Your organization may have internal marketplaces:

{
  "marketplaces": {
    "internal-tools": {
      "source": "github",
      "owner": "your-org",
      "repo": "scc-plugins"
    }
  }
}

Adding Plugins to Your Team

Section titled “Adding Plugins to Your Team”

Plugin Reference Format

Section titled “Plugin Reference Format”
plugin-name@marketplace-name

Examples:

  • scc-safety-net@sandboxed-code-official
  • java-analyzer@internal-tools
  • react-devtools@frontend-marketplace

In Your Team Config

Section titled “In Your Team Config”
{
  "additional_plugins": [
    "scc-safety-net@sandboxed-code-official",
    "java-analyzer@internal-tools",
    "spring-boot-helper@internal-tools"
  ]
}

Essential Plugins

Section titled “Essential Plugins”

scc-safety-net

Section titled “scc-safety-net”

The most important plugin.
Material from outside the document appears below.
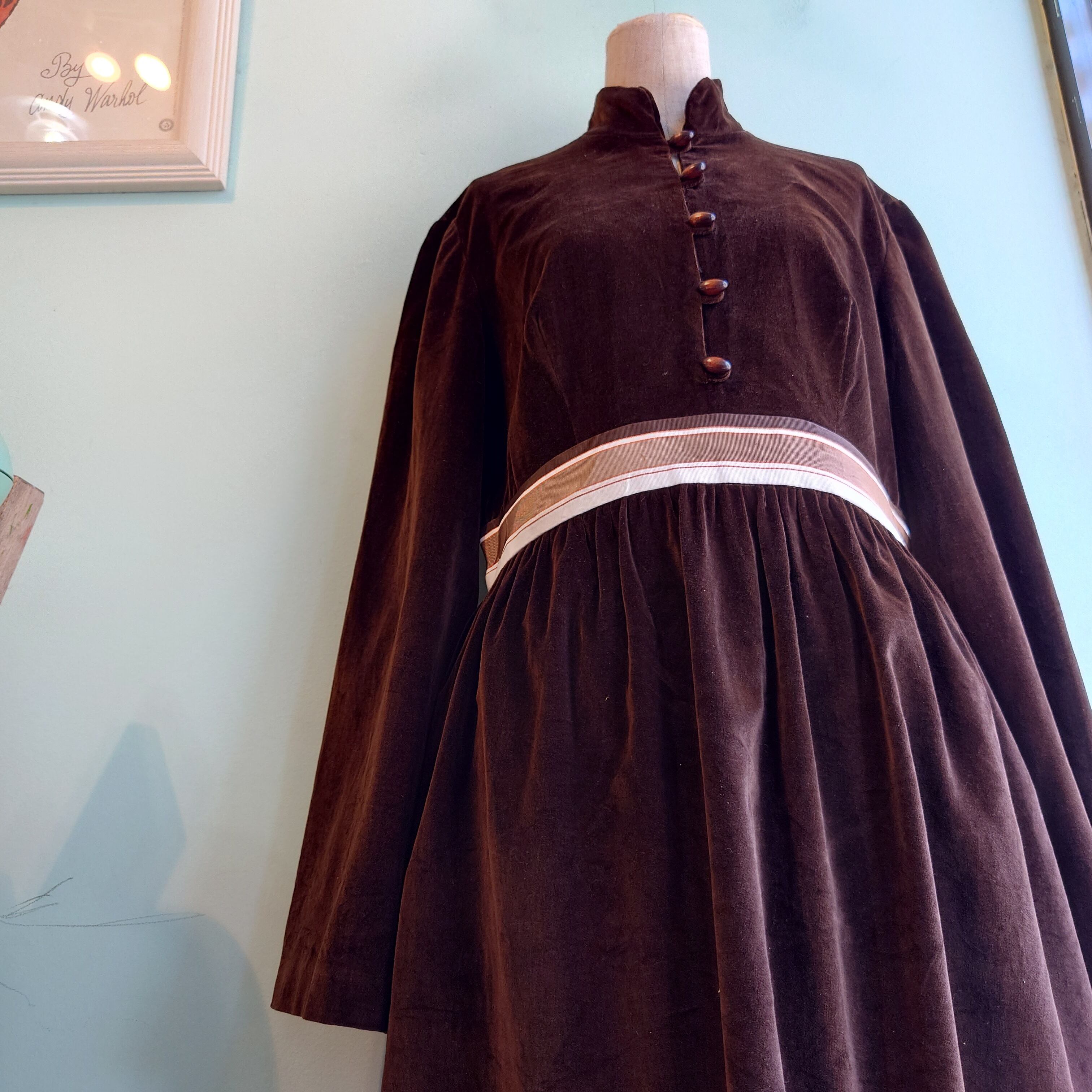 ★チロリアンなフロントと、ファーライクなベロアの毛並みに惹かれるヴィンテージドレス。チャイナライクなフロントにはどんぐりのようなボタンつき。全体的にチョコレートカラーで合わせられた、ナチュラルな雰囲気も素晴らしい。ボトムと合わせたり、ブーツと合わせたりするのに似合う絶妙な丈感です。
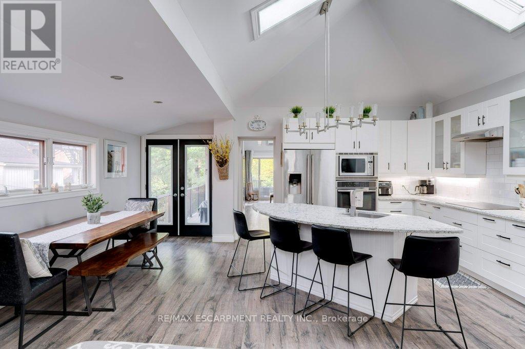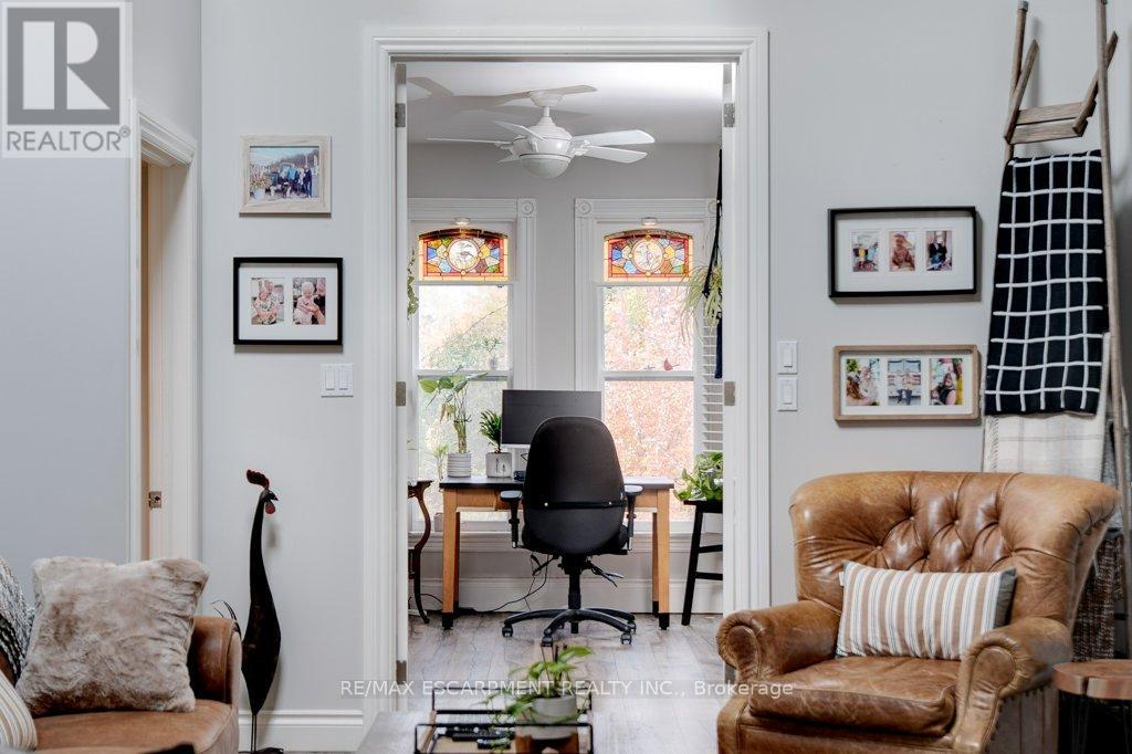 Tucked along a tree-lined street in Hamilton's beloved Kirkendall neighbourhood, this stately legal duplex tells a story of character, versatility, & opportunity. Behind its charming façade lies over 2,500 square feet of living area, thoughtfully separated into three distinct suites that adapt as life does. On the main level, a self-contained one-bedroom apartment at the rear and a dedicated home office at the front create endless possibilities. The recently renovated apartment offers a private space for parents or a tenant who wants a true home feeling. The office provides the perfect setup for professionals seeking a separate, client-ready workspace - ideal for a therapist, doctor, hair stylist, or lawyer who wants the convenience of working from home without sacrificing privacy. On the upper levels, natural light pours in through skylights and stained-glass windows, highlighting 18-foot ceilings, historic woodwork, and a wrap-around covered balcony made with Trex decking - a peaceful escape in the middle of the city. With two bedrooms, a loft, and two full bathrooms upstairs, it's a bright, welcoming home with timeless charm. Outside, the yard continues the character of the home with water features, a stained-glass art piece, and a restored church pew, creating a one-of-a-kind setting for entertaining or relaxing under the trees. Whether you're hosting friends or enjoying a morning coffee surrounded by art and greenery, this backyard is made for connection and celebration. Behind the charm lies confidence in the updates - a metal roof (2019), all-new windows (2023), high-end appliances, and independent heating and cooling systems for each level, ensuring comfort and efficiency year-round. Set in one of Hamilton's most sought-after neighbourhoods, steps to Locke Street's cafés, boutiques, and parks, 7 Homewood Ave is more than a home - it's a lifestyle, a workspace, and an investment in one of the city's most vibrant communities. (id:4555)

Blocks destructive git commands:

Blocked CommandWhy
git push --forceOverwrites remote history
git reset --hardDiscards uncommitted changes
git branch -DForce-deletes branches
git clean -fdDeletes untracked files
git checkout/restoreCan overwrite local changes

Enable in your config:

"additional_plugins": [
  "scc-safety-net@sandboxed-code-official"
]

Plugin Governance

Section titled “Plugin Governance”

What Gets Blocked

Section titled “What Gets Blocked”

Organization admins can block plugins by pattern:

{
  "security": {
    "blocked_plugins": [
      "*experimental*",
      "*beta*",
      "untrusted-*"
    ]
  }
}

Even if you add these to your team config, they will be filtered out.

What You Can Add

Section titled “What You Can Add”

Your additions must:

  1. Come from an approved marketplace
  2. Not match any blocked_plugins pattern
  3. Match allowed_plugins pattern (if org specifies one)

Allowing Developer Additions

Section titled “Allowing Developer Additions”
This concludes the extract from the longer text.